Chronic ileocolic intussusception due to transmural infiltration of diffuse large B cell lymphoma in a 14-year-old boy: a case report

Intussusception is usually considered to be a readily diagnosable disease in terms
of the susceptible age (under 2 years old) and characteristic symptoms, including
intermittent abdominal pain, vomiting, bloody stools and palpable masses. The development
of symptoms depends on the degree of strangulation and obstruction of the bowel.

Chronic intussusception, lasting over 14 days, is a rare condition (Rees and Lari
1976]). The incidence of chronic intussusception has been reported to be 5.2% in all cases
of intussusception and is higher in patients age above 1 year of age (10.3%) than
in those with an age below 1 year (3.1%) (Macaulay and Moore 1955]). Chronic intussusception is non-strangulated and incompletely obstructing. Non-strangulating
intussusception may reduce spontaneously, progress to strangulation or remain stable
(Schulman et al. 1998]). In cases of ‘chronic’ intussusception, nonspecific symptoms, including diarrhea,
anorexia and weight loss, may be present, in addition to typical symptoms associated
with ‘acute’ intussusception (Macaulay and Moore 1955]; Reijnen et al. 1989]). These factors associated with chronic intussusception may make confirming the definitive
diagnosis of ‘chronic’ intussusception challenging, particularly when the initial
treatment is aimed to treat gastroenteritis, as described in our case (Shekhawat et
al. 1992]).

Two mechanisms of chronic intussusception can be assumed, that is: (1) reduction and
invagination may repeat spontaneously or (2) the intussusception may remain unchanged.
In the current case, the latter is an acceptable explanation because (1) we detected
findings compatible with intussusception on the CT scan obtained at the former clinic,
(2) the mucosa of the terminal ileum was severely erosive and edematous and (3) manual
reduction was impossible even after the excision. Although achieving hydrostatic reduction
of chronic intussusception is difficult (Rees and Lari 1976]; Macaulay and Moore 1955]), contrast enemas with or without low hydrostatic pressure may be useful for obtaining
the diagnosis. In this case, we performed contrast enema with low hydrostatic pressure
to obtain any information of leading point, which resulted in failure. Contrast enema
was not necessarily required in previously diagnosed chronic intussusception same
as our case. Because an organic lead point may frequently be present in patients with
chronic intussusception, early surgical intervention should be applied (Schulman et
al. 1998]; Reijnen et al. 1989]).

Although cases of intussusception in children are usually ‘idiopathic’, approximately
5% of patients have a pathological lead point, including Meckel’s diverticulum, duplication
cysts, polyps or lymphoma (Applegate 2009]). Intussusception occurring in older children and adults is accompanied by a significantly
higher incidence of coexisting neoplasms (Hsiao et al. 2013]). Although pathological lead points in the small intestine are usually benign, around
30% of cases are secondary to malignant lesions, including malignant lymphomas (Akbulut
2012]).

The gastrointestinal tract is one of the most common extranodal sites for non-Hodgkin
lymphoma. Approximately 80–90% of primary gastrointestinal tract lymphomas are of
B-cell origin (Li et al. 2008]). Lymphomas arising in the gastrointestinal tract present with various symptoms,
including abdominal pain, anorexia, weight loss, diarrhea and ileus (Koch et al. 2001]) and can be a rare pathological lead point of intussusception, as in our case (Shakya
et al. 2009]). Sometimes pediatric lymphomas may be related to underlying abnormalities of immunity
associated with either congenital causes, infections, such as with the Epstein Barr
virus, autoimmunity or inflammatory bowel diseases. In the present case, there were
no clinical findings indicating innate or acquired immunodeficiency. Furthermore,
using in situ hybridization, the tumor cells were found to be negative for Epstein
Barr virus-encoded small RNA (data not shown).

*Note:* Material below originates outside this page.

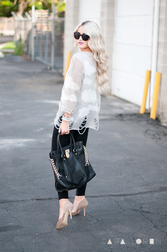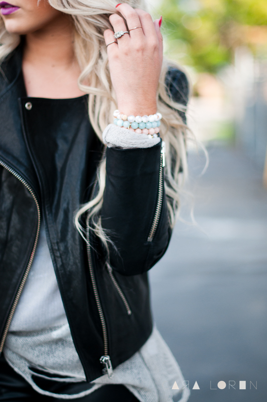 There are so many favorites of mine in this post.  I love a good distressed sweater, a leather jacket and faux leather pants.  These will be pieces I will wear all throughout fall and winter.  Oh my gosh and this lipstick is for sure one of my go-to colors right now.  I was looking for a good purple lip color for quite some time and of course I found it at Mac.  I usually just do a nude liner under my lipsticks but with this one a recommend doing the purple liner as well to keep it bright and a true purple. I am slightly obsessed with lipstick right now since fall is somewhat here so i will make sure I share the color with you along with my new makeup routine and products.

Although there are some reports of the non-operative management of lymphoma presenting
with intussusception (Lerner et al. 2011]; Kang et al. 2014]), the administration of chemotherapy under conditions of intussusception due to lymphoma
may have the potential risk of causing tumor lysis syndrome and perforation of the
intestine. If the patient may tolerate surgical intervention, resection of the affected
intestine is a reasonable strategy for reducing the tumor volume and making the correct
histopathological diagnosis. Gupta et al. reported that pediatric patients with Burkitt’s
lymphoma presenting with intussusception often have completely resectable disease
and assumed that the detection of intussusception may lead to an early diagnosis (Gupta
et al. 2007]). We assume that when the size of enteric lymphoma is small, the tumor tends to cause
intussusception rather than obstruction and that when the tumor grows too to be large
to cause invagination, the lesion may cause intestinal obstruction.